Imaging the breakdown and restoration of topological protection in magnetic topological insulator MnBi$_2$Te$_4$

TL;DR

This study uses scanning tunnelling microscopy to visualize how magnetic disorder causes breakdown of topological protection in MnBi$_2$Te$_4$, revealing that magnetic field can restore the exchange gap and topological edge states.

Contribution

It provides direct spatial imaging of exchange gap fluctuations and demonstrates magnetic disorder as the cause of topological protection breakdown in MnBi$_2$Te$_4$.

Findings

Long-range exchange gap fluctuations between 0 and 70 meV.

Topological protection breakdown involves hybridization with gapless regions.

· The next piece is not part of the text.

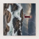 Phare blanc sur un banc rocheux avec nuages d'orage et éclairs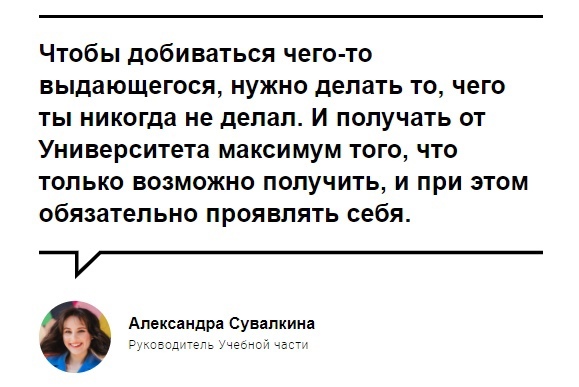 Руководитель учебной части Александра Сувалкина в интервью ниже рассказала о том, как учебная часть УИИ выглядела в самом начале пути, поделилась мыслями о том, почему обучение - это двухсторонний процесс, а также рассказала, почему важно участвовать во всех мероприятиях, которые мы проводим.

Small magnetic fields can restore the exchange gap and protection.

Abstract

Quantum anomalous Hall (QAH) insulators transport charge without resistance along topologically protected chiral one-dimensional edge states. Yet, in magnetic topological insulators (MTI) to date, topological protection is far from robust, with the zero-magnetic field QAH effect only realised at temperatures an order of magnitude below the N\'eel temperature TN, though small magnetic fields can stabilize QAH effect. Understanding why topological protection breaks down is therefore essential to realising QAH effect at higher temperatures. Here we use a scanning tunnelling microscope to directly map the size of the exchange gap (Eg,ex) and its spatial fluctuation in the QAH insulator 5-layer MnBi$_2$Te$_4$. We observe long-range fluctuations of Eg,ex with values ranging between 0 (gapless) and 70 meV, uncorrelated to individual point defects. We directly image the breakdown of topological protection, showing that the chiral edge state, the hallmark signature of a QAH insulator, hybridizes with extended gapless metallic regions in the bulk. Finally, we unambiguously demonstrate that the gapless regions originate in magnetic disorder, by demonstrating that a small magnetic field restores Eg,ex in these regions, explaining the recovery of topological protection in magnetic fields. Our results indicate that overcoming magnetic disorder is key to exploiting the unique properties of QAH insulators.